Questa è infatti la forza di questo disco: canzoni che scorrono avvolgendo chi ascolta, senza risultare pesanti nei passaggi più intricati e senza pesare nella “forma canzone” con inutili esibizioni di bravura. La tecnica c’è, ma è a totale servizio di una manciata di brani che hanno tutti una struttura ben riconoscibile. Pur non essendo innovativi o rivoluzionari nel senso stretto del termine, i nostri riescono a plasmare una materia (che in varie declinazioni, in certi casi si sta mostrando piuttosto avvitata su sé stessa) complicata, e non solo dal punto di vista “tecnico”.

Le soluzioni ed i cambi d’umore che caratterizzano tutto l’album non sono specchietti per le allodole, hanno una precisa funzionalità. Una canzone come “Ultraviolet”, che gioca molto sull’architettura basso-batteria, è carica di intensità fino all’esplosione melodica di un solo che non si sgancia dal canto disperato (di decisa impronta metalcore) del “nuovo” Antonio Palermo. Perla del disco la successiva “Dopamine”, che alza il piede dall’acceleratore ed avvolge chi ascolta tra melodia e disperazione. Davvero intensa.

Ascoltare “The Ocean Above” è invece come confrontarsi con due facce della stessa medaglia: calma e rabbia. Incardinata in una atmosfera “quasi djent” (almeno per la prima parte del brano), la canzone si sviluppa crescendo di intensità tra paesaggi melodici prima di scuotere ancora chi ascolta con una coda carica di groove. Seguono questa linea anche “Hollow” e “Sanctuary”, con quest’ultima però a dare più intensità anche grazie al “gioco” del cambio degli umori.
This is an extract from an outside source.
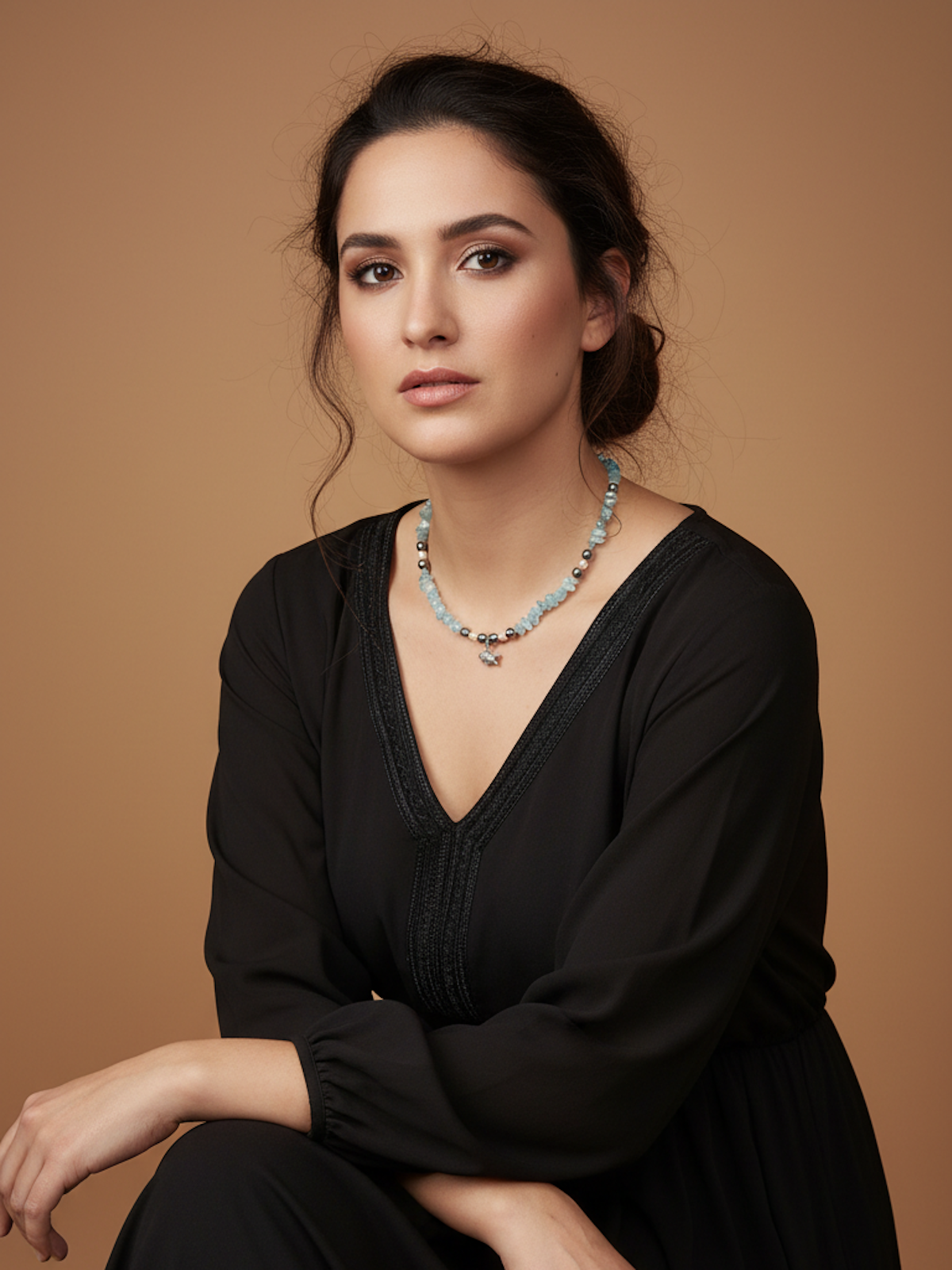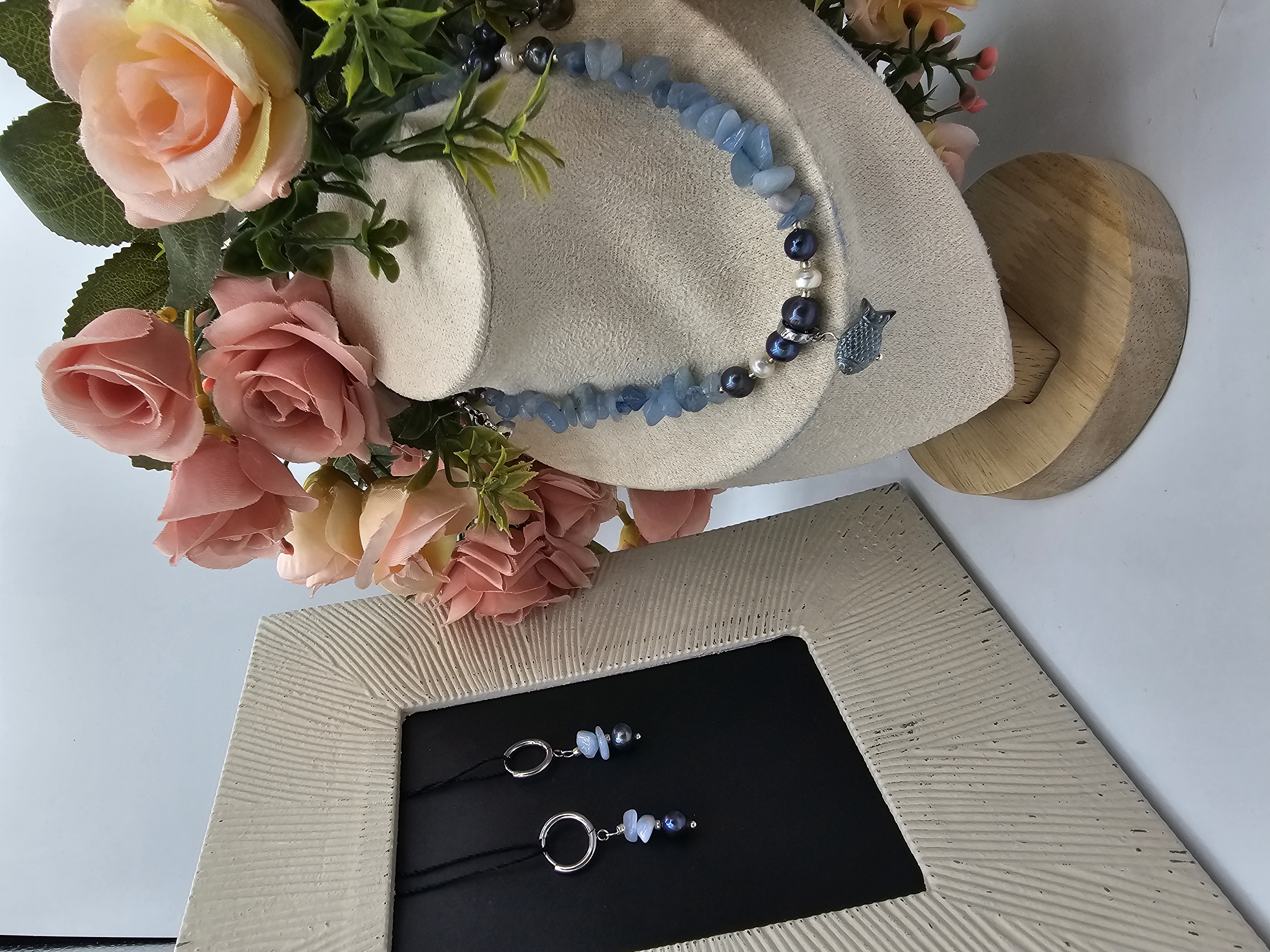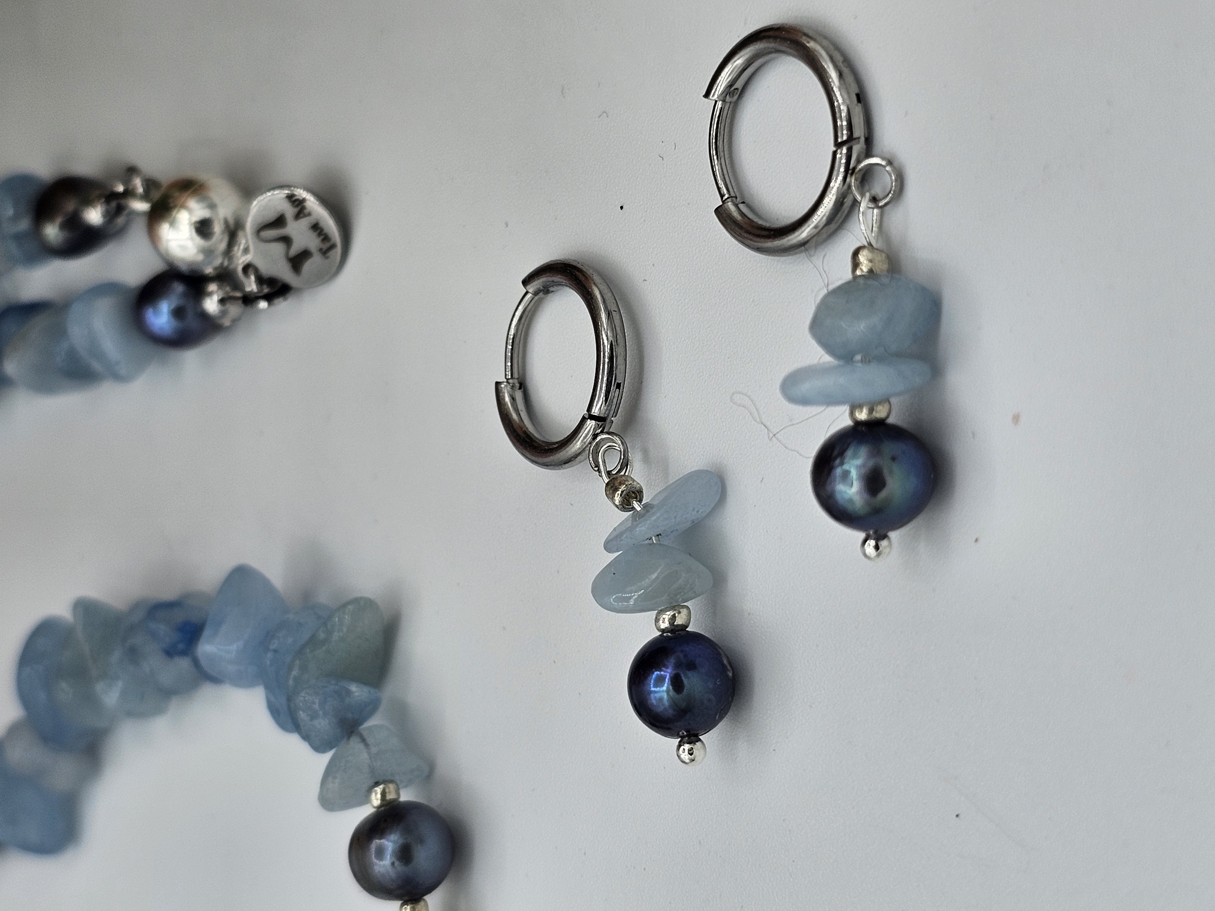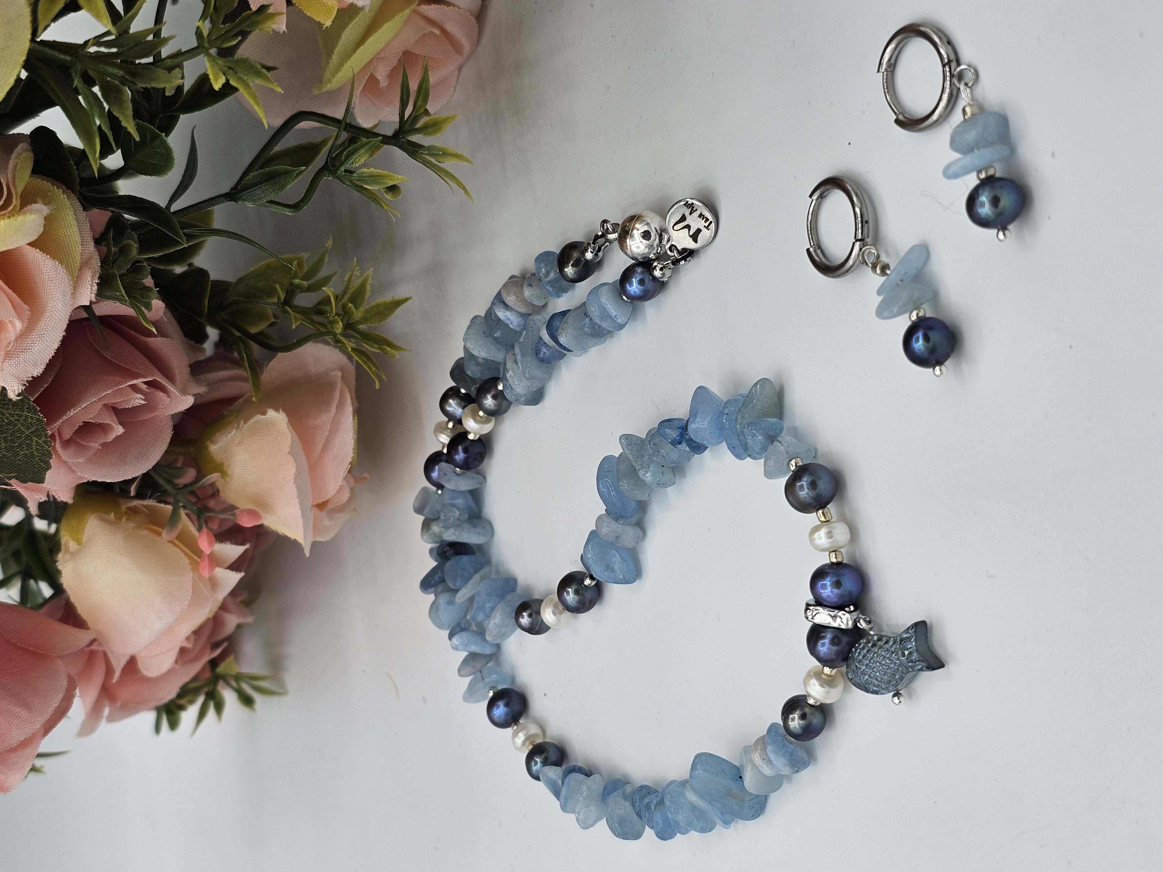 Аквамарин придает украшению неповторимый блеск и глубину, а культивированный речной жемчуг добавляет изысканности и роскоши.

Il disco si avvia verso la fine, e “Eyes Like the Sun” e  “Distant And Cold” forse mostrano un poco di stanchezza, con strutture non del tutto convincenti e con l’atmosfera che non riesce a dare nerbo a due canzoni che sembrano quasi corpi estranei nell’economia del disco.

Positiva invece la conclusione con “Departure”, che riprende i temi principali del disco, anche se una sferzata nella struttura della canzone non sarebbe stata disprezzata vista l’estrema quadratura della canzone.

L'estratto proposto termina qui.